◆ **TASK TO CARRY OUT**
Reproduce exactly the lines that run from the start of the records below to the line with "underlägg svart kalligrafi", inclusive.

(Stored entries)
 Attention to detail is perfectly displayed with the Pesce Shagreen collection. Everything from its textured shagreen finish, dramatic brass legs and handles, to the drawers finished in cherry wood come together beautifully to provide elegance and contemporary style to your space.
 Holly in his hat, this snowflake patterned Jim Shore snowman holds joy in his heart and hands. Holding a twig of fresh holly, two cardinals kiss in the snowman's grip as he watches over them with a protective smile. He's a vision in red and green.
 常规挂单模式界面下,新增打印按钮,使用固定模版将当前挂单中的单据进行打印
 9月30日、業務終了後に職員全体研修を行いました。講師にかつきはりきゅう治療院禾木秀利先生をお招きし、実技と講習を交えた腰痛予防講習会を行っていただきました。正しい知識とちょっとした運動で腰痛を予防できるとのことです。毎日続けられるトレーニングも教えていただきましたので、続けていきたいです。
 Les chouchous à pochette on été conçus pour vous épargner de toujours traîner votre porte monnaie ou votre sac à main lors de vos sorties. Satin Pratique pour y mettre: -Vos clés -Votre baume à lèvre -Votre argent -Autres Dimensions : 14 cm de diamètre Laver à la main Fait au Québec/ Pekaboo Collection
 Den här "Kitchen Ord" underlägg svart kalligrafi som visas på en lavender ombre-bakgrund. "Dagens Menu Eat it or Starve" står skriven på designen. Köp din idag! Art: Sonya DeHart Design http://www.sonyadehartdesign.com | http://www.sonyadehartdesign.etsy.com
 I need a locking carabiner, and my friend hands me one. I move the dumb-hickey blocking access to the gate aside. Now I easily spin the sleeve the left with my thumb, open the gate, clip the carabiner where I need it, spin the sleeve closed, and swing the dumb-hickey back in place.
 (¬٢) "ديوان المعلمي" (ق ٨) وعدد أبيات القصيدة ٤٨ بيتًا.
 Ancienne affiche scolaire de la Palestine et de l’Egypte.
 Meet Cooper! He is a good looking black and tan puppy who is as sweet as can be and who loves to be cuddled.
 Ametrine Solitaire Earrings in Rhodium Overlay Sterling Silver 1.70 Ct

◆ **WRITTEN ANSWER**
 Attention to detail is perfectly displayed with the Pesce Shagreen collection. Everything from its textured shagreen finish, dramatic brass legs and handles, to the drawers finished in cherry wood come together beautifully to provide elegance and contemporary style to your space.
 Holly in his hat, this snowflake patterned Jim Shore snowman holds joy in his heart and hands. Holding a twig of fresh holly, two cardinals kiss in the snowman's grip as he watches over them with a protective smile. He's a vision in red and green.
 常规挂单模式界面下,新增打印按钮,使用固定模版将当前挂单中的单据进行打印
 9月30日、業務終了後に職員全体研修を行いました。講師にかつきはりきゅう治療院禾木秀利先生をお招きし、実技と講習を交えた腰痛予防講習会を行っていただきました。正しい知識とちょっとした運動で腰痛を予防できるとのことです。毎日続けられるトレーニングも教えていただきましたので、続けていきたいです。
 Les chouchous à pochette on été conçus pour vous épargner de toujours traîner votre porte monnaie ou votre sac à main lors de vos sorties. Satin Pratique pour y mettre: -Vos clés -Votre baume à lèvre -Votre argent -Autres Dimensions : 14 cm de diamètre Laver à la main Fait au Québec/ Pekaboo Collection
 Den här "Kitchen Ord" underlägg svart kalligrafi som visas på en lavender ombre-bakgrund. "Dagens Menu Eat it or Starve" står skriven på designen. Köp din idag! Art: Sonya DeHart Design http://www.sonyadehartdesign.com | http://www.sonyadehartdesign.etsy.com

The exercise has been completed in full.